As for handover's being dangerous, that is not my position. But it is a position.

It is not an unreasonable position to say the fleet-learning focus of Tesla (or e.g. Comma AI) and the use of Level 2, or even the Level 3 handover approach of Audi, is insufficient, and that some other primary approach would bring better results.

It is just one view.
 
Again those are two completely different points, which he tries to conflate together:
"Here is a report I actually just became aware of that combines many other reports on the dangers of handover or public shadow driving."
"You are incorrect about public shadow driving and handover not being the same from the standpoint of situational awareness"

He is drawing a false equivalence between the two. The report he linked from Venturer had absolutely nothing to do with shadow driving, even though he claimed it did.

You can argue handover is dangerous (although every level 2+ system does it), but public shadow driving has nothing to do with it because it does not involve handover at all. Also, Tesla doing public shadow driving does not mean they don't also do simulation. We discussed Tesla's simulation related hirings elsewhere already:
Autopilot simulation!

And the reason why I am not forgiving in terms of wrong usage of terminology, is because he had previously appealed to authority and claimed he was an expert. It's forgivable for a general member to be wrong on terminology, but for an expert, I'm going to take issue with it.

The similarity is allowing the vehicle to steer with your hands off for any amount of time.

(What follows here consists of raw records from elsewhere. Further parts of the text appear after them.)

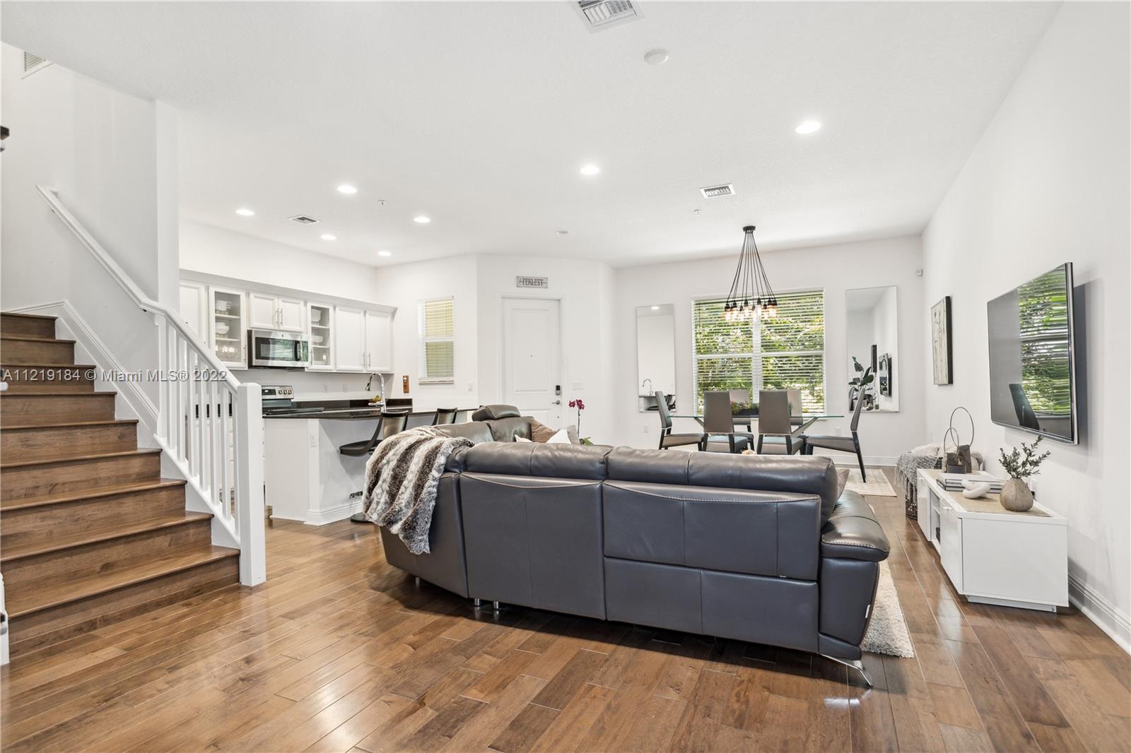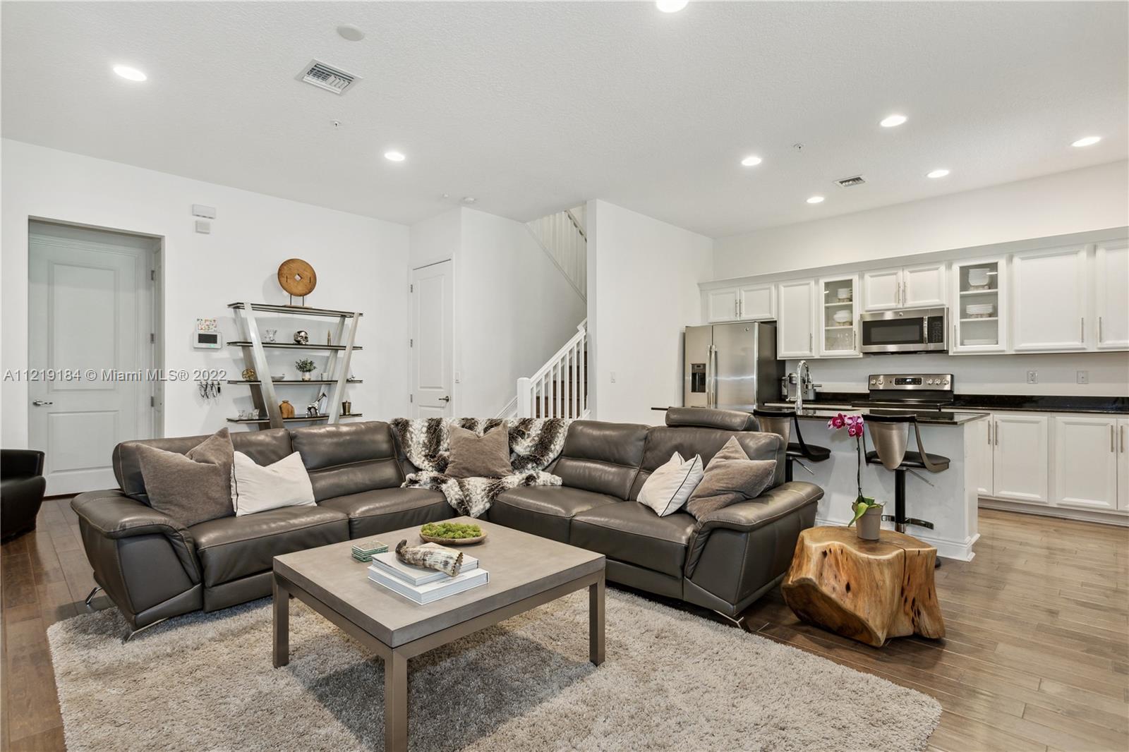 A MUST SEE!!. Gorgeous 3/2.5 Townhome in the beautiful boutique Community of CENTRAL FALLS of Pembroke Pines built in 2018. This Townhome offers Harwood flooring and 10ft-high ceilings throughout the house, 2 car garage(2 parking space in the drive way). Has an Open concept style, beautiful kitchen with stainless steel appliances & granite counter top, a large granite island and walk-in pantry. Laundry room on 2nd floor. Master bedroom offers a private balcony and large walk-in closet. HOA includes exterior maintenance & pest control, landscaping, roof, paint. The Community has pool and GYM. Excellent location near public & private schools, shopping, hospital and easy access to major highways. Some furniture for sale . Mirror in half bath & in 2nd Bath upstairs not included in the sale .
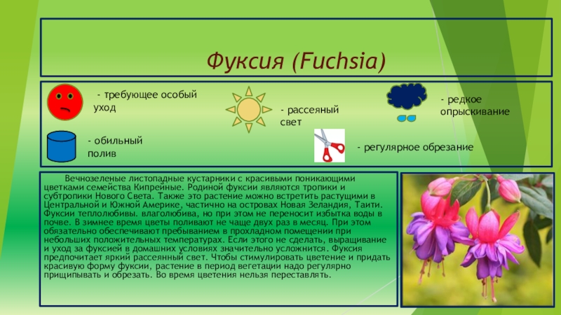 фуксии являются тропики и субтропики Нового Света. Также это растение можно встретить растущими в Центральной и Южной Америке, частично на островах Новая Зеландия, Таити. Фуксии теплолюбивы. влаголюбива, но при этом не переносит избытка воды в почве. В зимнее время цветы поливают не чаще двух раз в месяц. При этом обязательно обеспечивают пребыванием в прохладном помещении при небольших положительных температурах. Если этого не сделать, выращивание и уход за фуксией в домашних условиях значительно усложнится. Фуксия предпочитает яркий рассеянный свет. Чтобы стимулировать цветение и придать красивую форму фуксии, растение в период вегетации надо регулярно прищипывать и обрезать. Во время цветения нельзя переставлять.
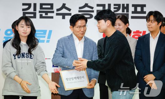 (서울=뉴스1) 안은나 기자 = 김문수 국민의힘 대선 경선 후보가 2일 서울 여의도 캠프에서 청년정책 제안서를 전달받은 뒤 참석자와 악수하고 있다. 2025.5.2/뉴스1coinlocker@news1.krCopyright ⓒ 뉴스1. All rights reserved. 무단 전재 및 재배포, AI학습 이용 금지.
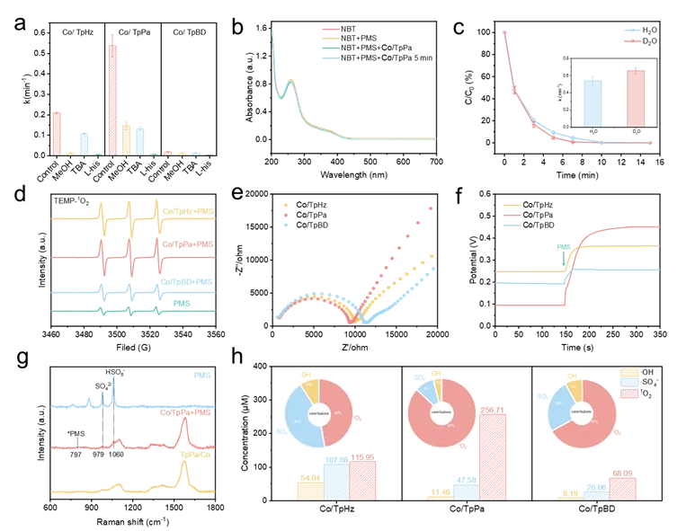 Figure 4. (a) Influence of different quenchers on Co/Tp-COFs system reaction rate constants k. (b) Time-resolved absorption spectra of NBT in Co/TpPa activated PMS system. (c) Degradation of BPA by Co/TpPa system in D2O with the k values (insert). (d) EPR spectra of TEMP-1O2. (e) Electrochemical impedance and (f) Open-circuit potential spectroscopy of Co/Tp-COF. (g) In situ Raman spectroscopy for the Co/TpPa systems. (h) Different ROS yields and (insert) contributions in Tp-COF/Co systems.
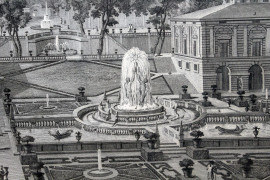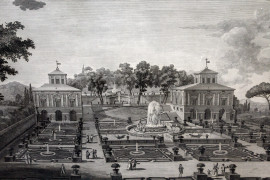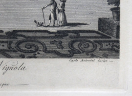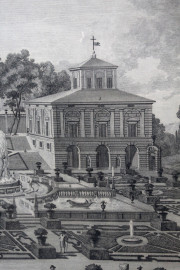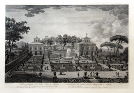 Veduta principale della Villa Lante in Bagnaia Architettura del celebre Giacomo Barozzi detto il Vignola, incisione, cm 64x90, inventore Francesco Panini (1745-1812), incisore Carlo Antonini (c.1750-1800), entro cornice
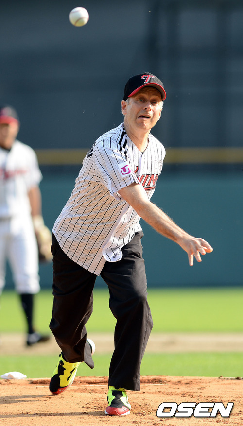 3일 오후 서울 잠실구장에서 열린 '2012 팔도 프로야구' LG 트윈스와 한화 이글스의 경기,'정의란 무엇인가'의 저자 마이클 샌델 하버드 대학 교수가 멋진 폼으로 시구를 하고 있다.
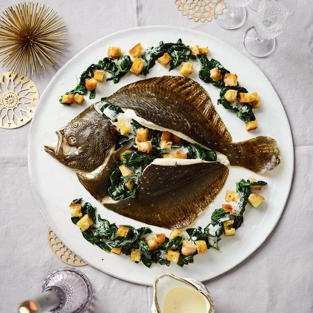 - Servir el rodaballo con las espinacas y los picatostes como guarnición.
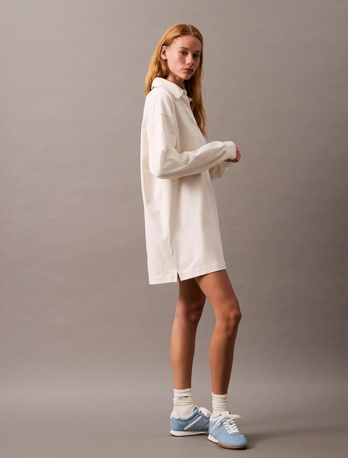 Calvin Klein Jeans Women’s Logo Crest Polo Mini Dress(Tofu)
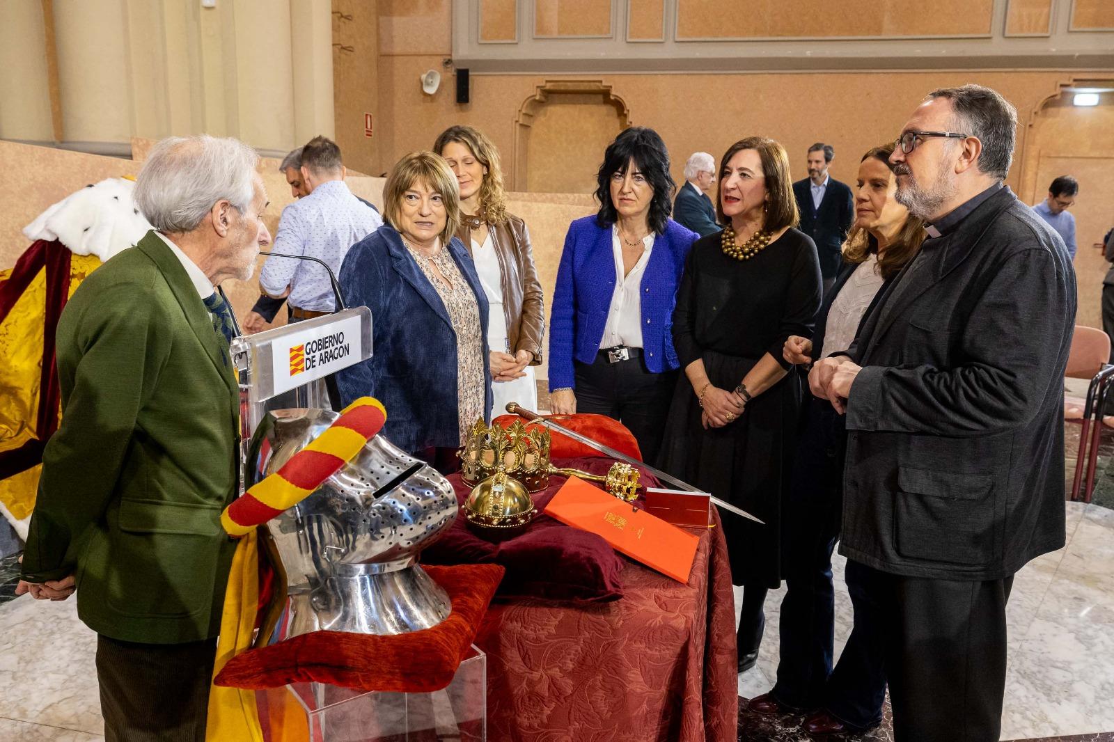 La consejera de Cultura, Educación y Turismo, Sara Fernández, ha participado esta mañana en la presentación en la que se ha dado a conocer este evento, junto con la consejera de Educación, Cultura y Deporte del Gobierno de Aragón, Tomasa Hernández; la directora general de Patrimonio Cultural, Gloria Pérez; los historiadores y profesores de la Universidad de Zaragoza, expertos en historia medieval, José Luis Corral y Esteban Sarasa, la adjunta a la dirección del gabinete de la Presidencia de las Cortes de Aragón, Arancha Echevarría-Torres; y el delegado capitular de culto y pastoral del Cabildo Metropolitano de Zaragoza, José Antonio Calvo.
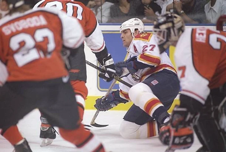Легендарный тафгай Флориды- Пол Лос во всей красе. Всю свою НХЛовскую карьеру провел в солнечной Флориде. Провел за Пантерз 9 сезонов, сыграв в 530 матчах и набрав в них 1702 штрафных минуты.
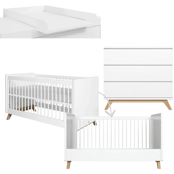 Bopita Babykamer Lynn 2-delig met ombouwbaar commode 70 x 140 cm wit / natuur
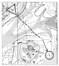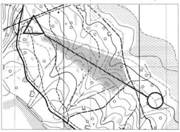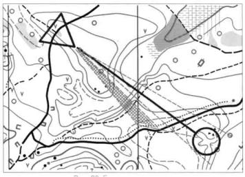 Обобщающее чтение карты также применяется в условиях высокой плотности ориентиров, но еще и в тех случаях, когда в поле зрения находятся только объекты крупных и средних размеров. Однако, в отличие от выборочного чтения карты, внимание обращается только на крупные ориентиры или совокупности мелких ориентиров, которые могут быть восприняты как единое целое. Так, например, если на карте среди относительно плоского и невыразительного рельефа выделяется область мелкого рельефа размером 200 на 300 метров, а до КП еще далеко, и нам совершенно не обязательно знать с большой степенью точности, где мы находимся, то вся эта зона может быть воспринята как один крупный площадной ориентир. То же самое касается ситуации, когда на относительно пологом склоне расположено несколько промоин, начинающихся от середины склона. В этом случае нам достаточно выйти в зону, где располагаются промоины, а если мы их не увидим, значит, мы прошли выше по склону. Такую же роль могут играть скопления точечных ориентиров, например, камней. Важно, чтобы примерные границы зоны компактного расположения объектов можно было различить на местности визуально. К обобщающему чтению карты относится также умение различать среди скопления мелких деталей рельефа более крупные формы.
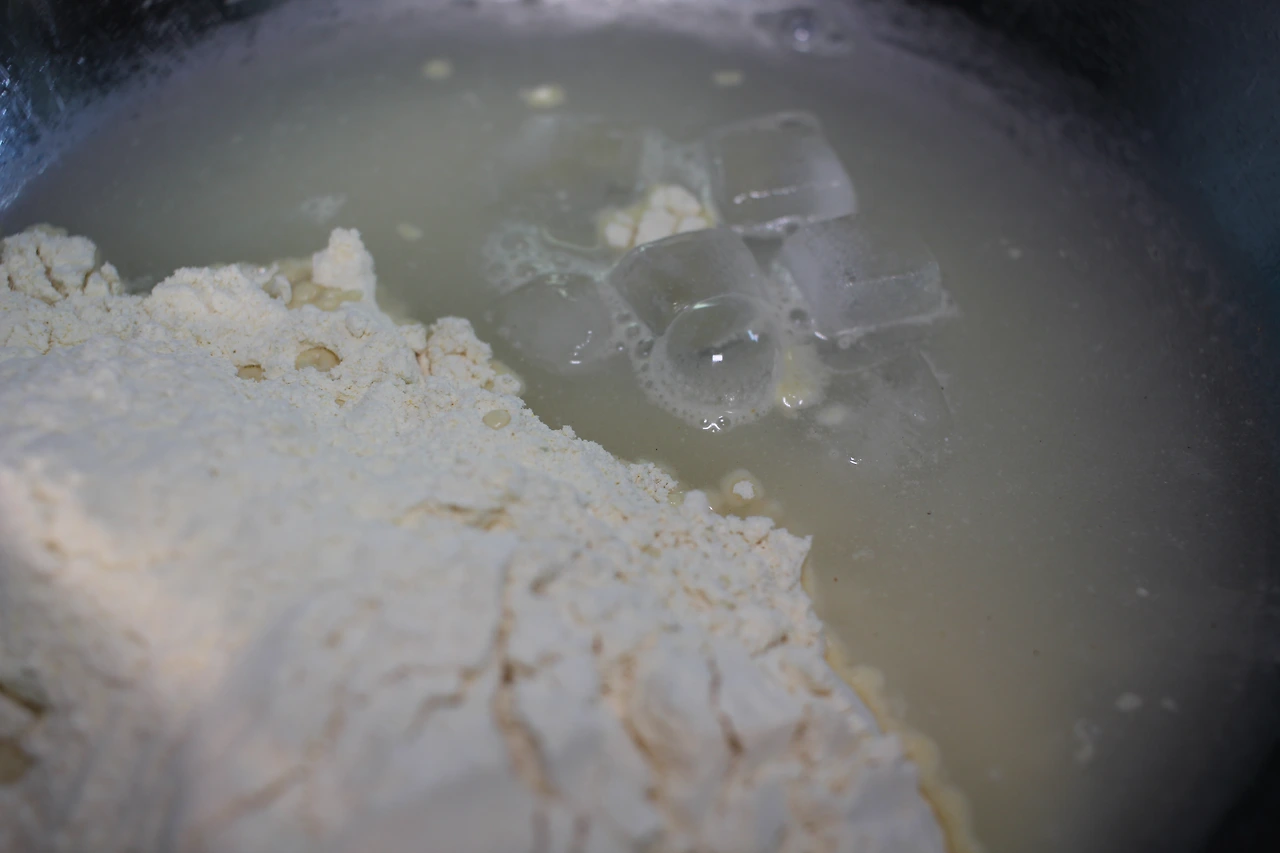 2. 쌀튀김가루 : 얼음물 = 1 : 1 정도로 섞어 반죽을 준비한다 (반죽에 얼음을 넣어주면 좀 더 바삭하게 튀겨진다는 학계의 전설을 따라본다).
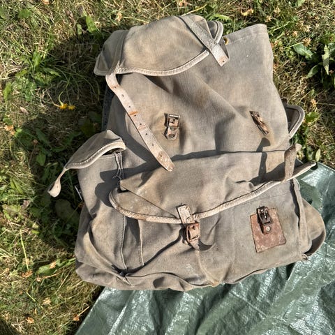 Jaktsekk laget av Nils Lennart Westin, Bjästa, Sverige. Håndsydd i garvet kalveskinn, treramme i bjørk og lokk kledd med saueskinn innvendig. Lokket kan legges over stolen som et sitteunderlag. Sittehøyde ca. 46 cm. Etikett merket 890320 Lennart Westin.
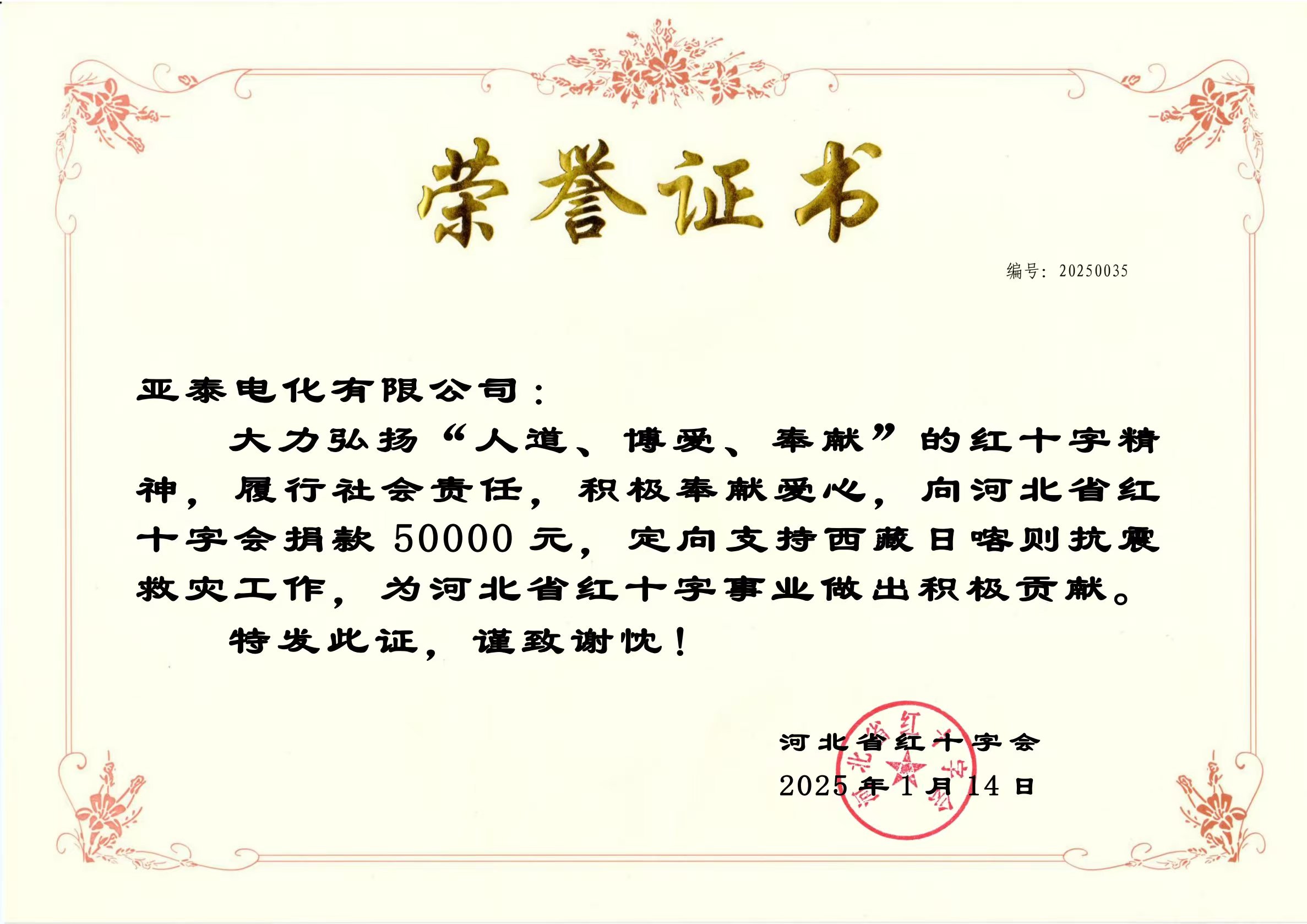 在公司領(lǐng)導(dǎo)的果斷決策下,第一時(shí)間從“亞泰愛心基金”中撥款5萬元人民幣,通過河北省紅十字會(huì),定向支援西藏日喀則的抗震救災(zāi)工作。我們希望通過這份綿薄之力,為災(zāi)區(qū)人民帶去一絲溫暖和希望。
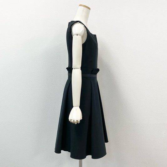 81h7《美品》 FOXEY NEW YORK フォクシーニューヨーク Little Roots Dress ノースリーブワンピース ドレス フレアスカート 日本製 スクエアネック 34022 38 ブラック レディースo07t
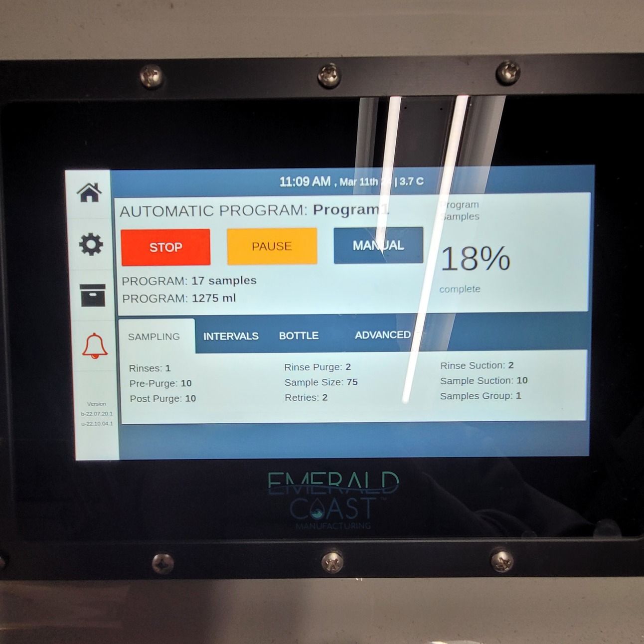 3) Ease of use: The interface is fairly intuitive and you have a lot of options on how you want to set up the sampling. You can change things likes mls per sample, total samples, etc and you can have multiple programs saved on the main screen. This allows you to switch to different sampling schedules if you needed to at the touch of a button.
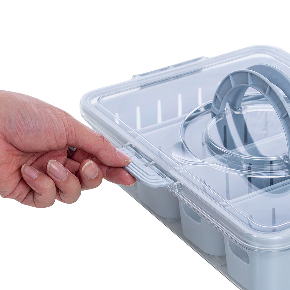 กล่องใส่ขนมพลาสติกแบบพกพา 4 ช่อง ใหม่ กล่องเก็บขนม ถาดแบ่งสำหรับเสิร์ฟ พร้อมฝาและที่จับ
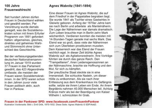 Agnes Wabnitz, Klara Zetkin ve Rosa Lüxemburg’un selefiydi. Alman Sosyal Demokrat hareketi içinde ölümünden sonra hemen unutulmasını iyi bir hatip olmasına rağmen yazılı eser bırakmamasına bağlayanlar var. Ama bu unutuluşun ardında yaşarken çokça tartıştığı erkek yoldaşlarının da bir miktar payı olmalı ….
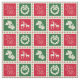 Christmas design with Christmas symbols in colorful squares and with snowflakes decoration
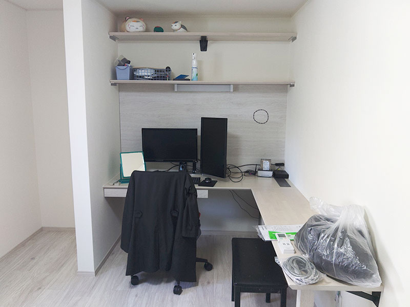 L字の造作デスクを付けたいとの事でしたので、お客様と密に打合せをさせていただき、インテリア商材で造作工事をさせていただきました。

It is not only unsafe and cannot be made safe but using that practice for AI, engineering and test on public roads will never result in L4. You cannot drive the one trillion miles needed. This is why Waymo evolved to replace most of it.
 
The similarity is allowing the vehicle to steer with your hands off for any amount of time.

It is not only unsafe and cannot be made safe but using that practice for AI, engineering and test on public roads will never result in L4. You cannot drive the one trillion miles needed. This is why Waymo evolved to replace most of it.
It seems you still don't understand what shadow driving is. During shadow driving, the human is driving the car the entire time. The system is only passively observing, it is not providing any assistive action. The vehicle is not doing any steering.

Again:
Public shadow driving (emphasized part bolded):
"New Tesla Model S and Model X automobiles will run Autopilot in “shadow mode” and collect driving data that pits a human versus computer. Autopilot vehicles running in shadow mode will not take any driving-assist or self-driving actions. Rather they will only log instances when Autopilot would have taken action and compare those results to the real life actions taken by human drivers."
 
First - there is a bit of a terminology issue with just Tesla. Their "shadow mode" at least in their literature is not shadow driving. However. . .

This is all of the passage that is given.